LIBRE DE CARGA de Carlos Herrera Carmona

      Desde que tengo uso de razón, toda mi producción dramática, y por ende poética, ha sido un acto onanista y melancólico, aliviado por una suerte de expiación fugaz, si acaso una catarsis en absoluto sanadora. Por esta razón, estas dos piezas constituyen un punto de partida hacia una nueva forma de contar historias. Ha sido inevitable que algunas trazas, mínimas, de todo mi peregrinar anterior no aparezcan. Imposible controlar este reducto para que se desprenda de todo cuanto mi pluma logra liberar.

      Tanto “La maldición de Mírtilo” como “Sabina” destilan los tópicos enfrentados de siempre: amor/desamor, memoria/olvido, despecho/apego… y un largo etcétera por todos sabido. Gracias a la inestimable ayuda en lo que a documentación se refiere de la profesora Carlota Luna, he conseguido focalizar dichos temas en seres ajenos a mí así como situarme en un pasado distinto al mío. Disfruto ahora de tal liberación al no tener que sumergirme en asuntos que ya no me atraviesan, ni me persiguen, ni enajenan. Me alegra poder presentaros, desde esta distancia, estas obras que expertos consideran originales: la primera, por haber intentado arrojar algo de luz sobre la maldición original que llevará a Edipo a perder el juicio y a automutilarse; la segunda, por tratar de entender a la emperatriz Sabina, testigo sin voz y sin voto, en la notoria relación entre su esposo, el emperador Adriano, y el amante de éste, aquel dios hecho carne: el malogrado Antinoo.

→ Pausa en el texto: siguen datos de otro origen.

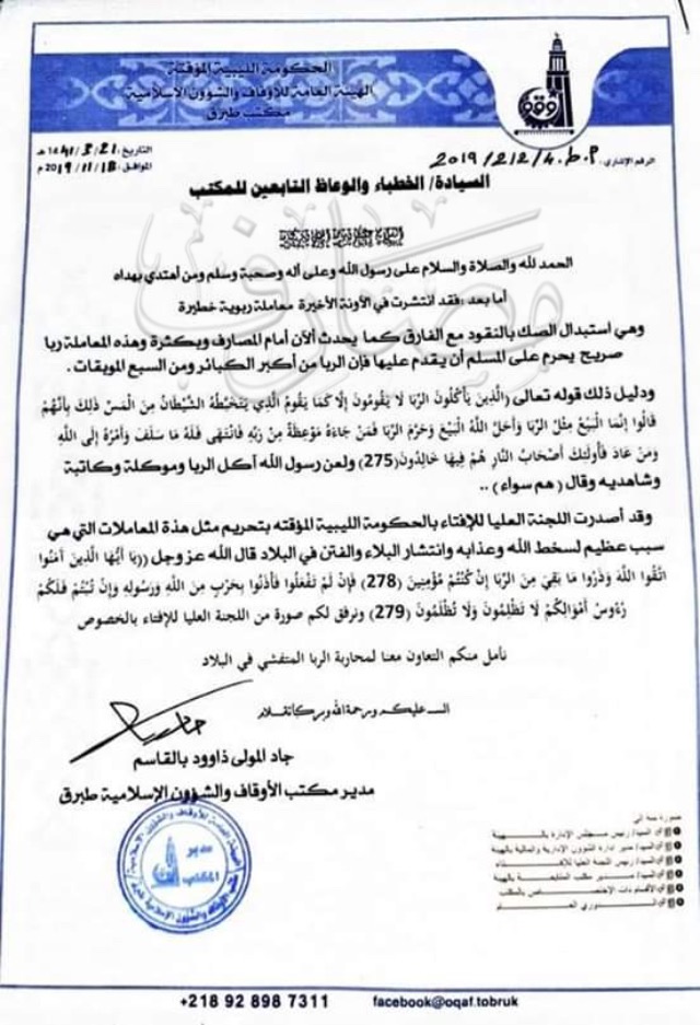 لجنة افتاء طبرق تحرم تبديل الصك بالنقود

      En este libro que ahora os presento, al tiempo que trato de olvidar cómo y para quién yo solía escribir, mis personajes me vuelven a desobedecer de nuevo y se resisten a ser olvidados. El olvido habita en algún lugar, según el bardo hispalense. Para los romanos olvidar era morir (“damnatio memoriae”). No hay mayor tortura que olvidar mientras desapareces. Es como maldecir a tu propia memoria; es como situarte en la Nada. Nada más bello que un cerezo en flor, y no hay flor más bella que la que tú mismo plantas y luego cuidas; y no hay mayor condena que ésta sea cortada de raíz. Sin raíces no puedes crecer, porque sólo con ellas bien hincadas en la humedad de la tierra puedes tocar el sol o la luna, en una palabra: soñar. De lo contrario nunca podrás ser alguien y bucearás en la Nada, o caminarás descalzo sin rumbo o sin memoria, que lo mismo es, a través de una tundra imaginaria, y sobre todo, sin Cupido tras tus huellas. Cuánto pesar, ¿verdad? Las tundras imaginarias son las más terribles puesto que no tienen fin, ni siquiera allí lograrás encontrar acantilados donde rematar tu cuento vital. En las tundras imaginarias es donde tu memoria te sale al paso y te traiciona haciéndote creer que tu amante te sueña y que tú lo sueñas mientras éste te ignora, y tú, presa de aquella ceguera justificada, has de ignorarlo porque ya has sido olvidado, y te ves fuera de lugar en la tundra, como los cerezos de Chéjov, pudriéndose pausadamente, que es el morir. Layo mata sin olvidar y muere olvidado; Crisipo cree que muriendo tres veces puede olvidar; Edipo, víctima de su soberbia, nos obliga a que jamás lo olvidemos; Mírtilo ayuda a Pélope a matar a Enómao para que Hipodamía no se olvide de él y a cambio sólo recibirá su desprecio; Hipodamía, muerta en vida, es incapaz desde el mismo Hades de olvidar a sus nietos descuartizados; Sabina ordena matar a Antinoo -hemos elegido la versión más suculenta y la más razonable- pero su memoria le ganará la partida al olvido. Por su parte, Adriano morirá lentamente, se arrriesgará incluso a ser olvidado: su pasión por Antinoo casi convierte a Roma en una desmemoriada para con su legado. Tanto Sabina como él mismo se debaten en sus monólogos para convertirse a su vez en desmemoriados mientras muere su forzada alianza.

      La historia y los autores nos resistimos a olvidar y a que nos olviden, de ahí la tarea adictiva de sobrevivir por escrito. Toda esta galería de personajes -unos, inventados por poetas y otros, tan reales como nosotros mismos- me ha mantenido ocupado durante un año y alejado de mi realidad. Estos seres han viajado hasta nuestros días en forma de manual para enseñarnos a no desfallecer ante los estragos de Eros y Tánatos. Nada nuevo bajo sol, salvo mi nueva forma de contar historias.